We also took into account our assessment of general economic, market and financial conditions and our experience in other transactions as well as our knowledge of the banking industry and our general experience in securities valuations.

In rendering this opinion, we have assumed, without independent verification, the accuracy and completeness of the financial and other information and representations contained in the materials provided to us by the Company and Parent and in the discussions with the respective management teams or representatives of the Company and Parent.
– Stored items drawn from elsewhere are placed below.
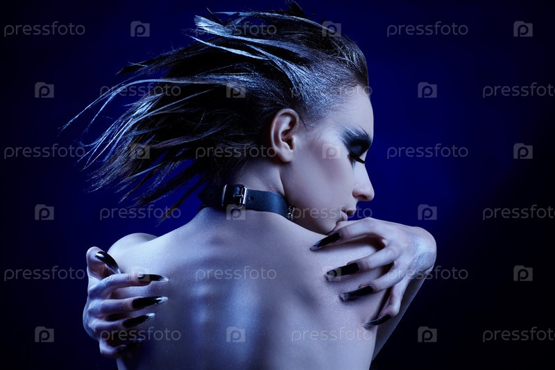 Модель с готическим макияжем и черными когтями позирует спиной к камере
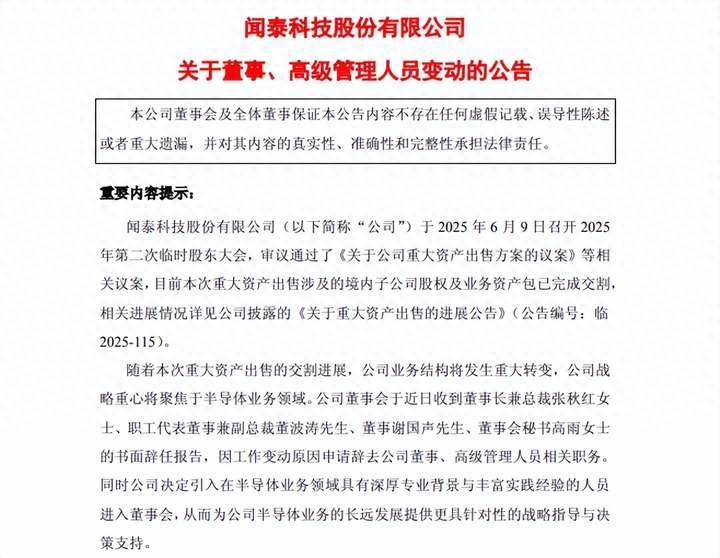 闻泰科技正经历一场从高层人事调整到核心业务重塑的全面变革。公司于7月15日发布公告,宣布董事长兼总裁张秋红、职工代表董事兼副总裁董波涛、董事谢国声以及董事会秘书高雨等多位核心管理人员因工作变动原因集体辞任。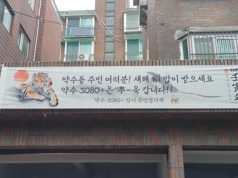 이런 현수막을 보면 약수 3080+에 대한 주민들의 동의율이 높을 것 같다.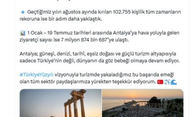 Bakan Ersoy, sosyal medya hesabından Antalyaya gelen yabancı turist sayılarıyla ilgili açıklama yaptı. Bakan Ersoy, 19 Temmuz 2025 tarihinde Antalya ve Gazipaşa havalimanlarından toplam 102 bin...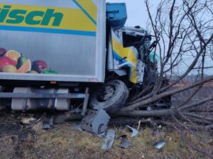 Un accident rutier a avut loc, marți dimineață, pe drumul național DN 29A, în extravilanul municipiul Dorohoi. Un camion a părăsit partea carosabilă, izbindu-se frontal de un copac pe care l-a rupt.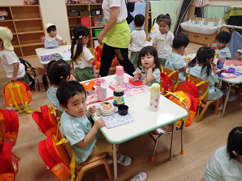 体育あそびに行っていたみかんさんと再び合流してお昼ご飯🍙みかん組のパン給食に興味津々なおともだちも🎵「皆も毎日幼稚園に来るようになったら給食食べられるよ!」と伝えると「毎日来る!」と言っているおともだちもいました(笑)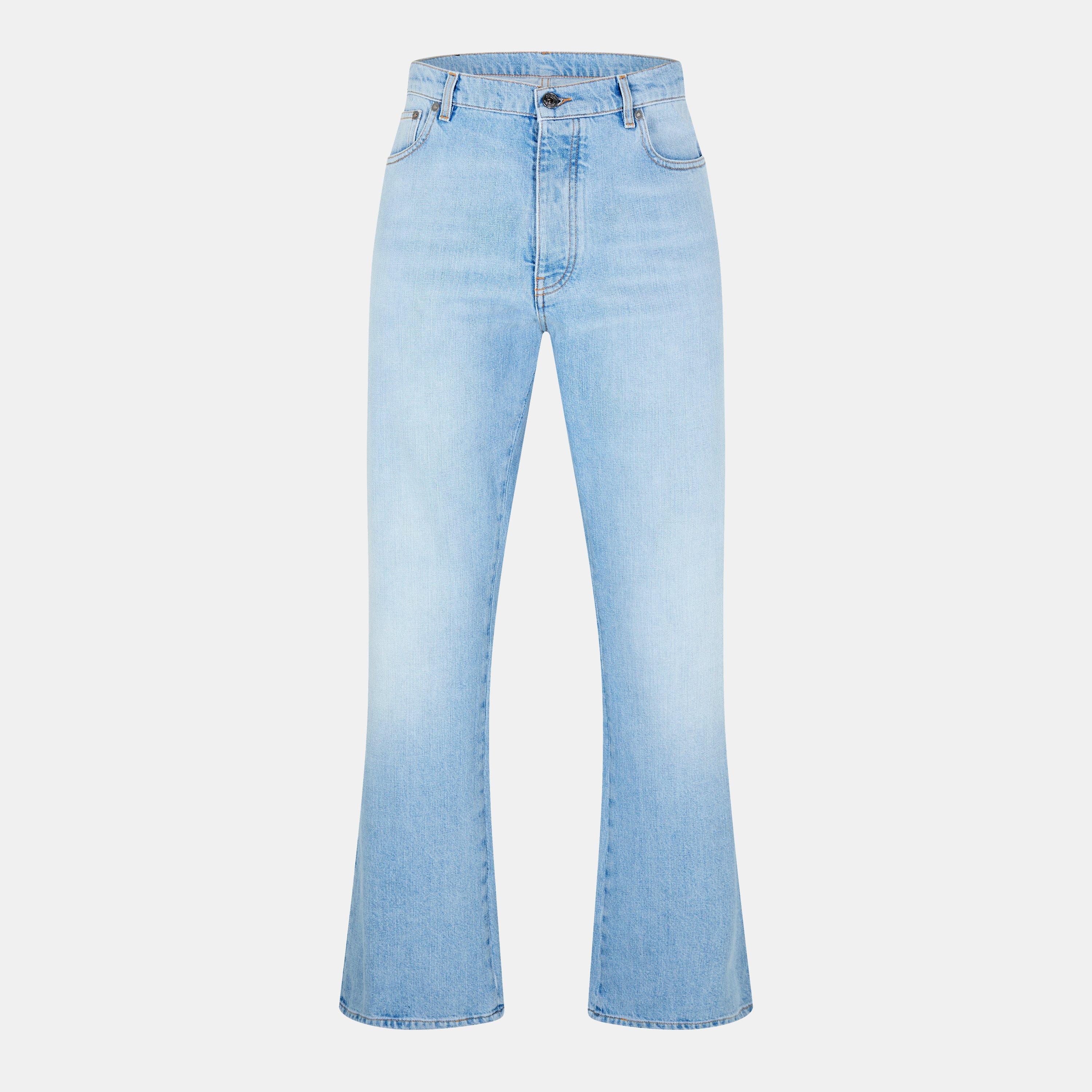- Diagonal branding detail positioned across the denim

In that regard, we have assumed that any financial forecasts, including, without limitation, the synergies and Company projections of the pro forma institution have been reasonably prepared on a basis reflecting the best currently available information and judgments and estimates of the Company and Parent and that such financial results will be realized in the amounts and at the times contemplated thereby. We are not experts in the evaluation of loan and lease portfolios for purposes of assessing the adequacy of the allowances for losses with respect thereto and have assumed and relied upon management’s estimates and projections. We were not retained to and did not conduct a physical inspection of any of the properties or facilities of the Company and Parent or their respective subsidiaries. In addition, we have not reviewed individual credit files nor have we made an independent evaluation or appraisal of the assets and liabilities of the Company and Parent or any of their respective subsidiaries, and we were not furnished with any such evaluations or appraisals.

We have assumed that the Merger will be consummated substantially in accordance with the terms set forth in the Agreement. We have further assumed that the Merger will be accounted for as a purchase under generally accepted accounting principles. We have assumed that the Merger is, and will be, in compliance with all laws and regulations that are applicable to the Company and Parent. In rendering this Opinion, we have been advised by the Company and Parent, and we have assumed that there are no factors that would impede any necessary regulatory or governmental approval of the Merger.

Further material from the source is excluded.